Smith, whose life plummeted “into a vortex” of meth addiction, accepted knowing the move would spell trouble, his lawyer Evan Hughes said.

The trio, which also included a woman, arrived at the Bracknell address and found the man sitting on the couch.

They forced their way into his house, telling him “we need to have a chat”.

The crime took a turn for the worstwhen a knife-like objectwas produced.

Prosecutor Virginia Jones said the two males shovedthe man into his own car before they stole it and headed for Longford about 4pm.

They wanted the man to take out more than $5000 in cash from a bank. The female tailed them in a second car.

Along the way, one of the male offenders said within earshot of the victim “should we tie this c— up and leave him on the side of the road dead?”

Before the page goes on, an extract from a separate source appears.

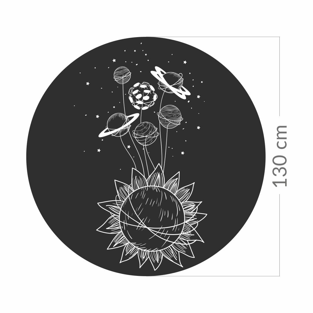 Koło z tapety samoprzylepnej z motywem kosmosu to stylowa dekoracja pasująca do każdego wnętrza, od pokoju dziecka po salon. Jej nowoczesny design nada przestrzeni elegancki, a zarazem kosmiczny klimat.

Terrified, the man complied with instructions, but upon arrival at Longford, the bank was closed, meaning only an ATM could be accessed.

Only $500 was removed from his account because the man had a withdrawal limit.

After that, they got into a car and left the man behind. He called police soon after.

Mr Hughes said his client would be a successful tradesman today if it wasn’t for the “catastrophic and significant impact” that ice had on his life.

Mr Hughes said Smith had committed no offences since the armed robbery and had even exiled himself his father’s shack in an undisclosed location in an effort to avoid bad influences.

He has changed his mobile number seven times in an effort to avoid contact with Launceston’s underworld.

He will be sentencedon February 17.

This story Administrator ready to work first appeared on Nanjing Night Net.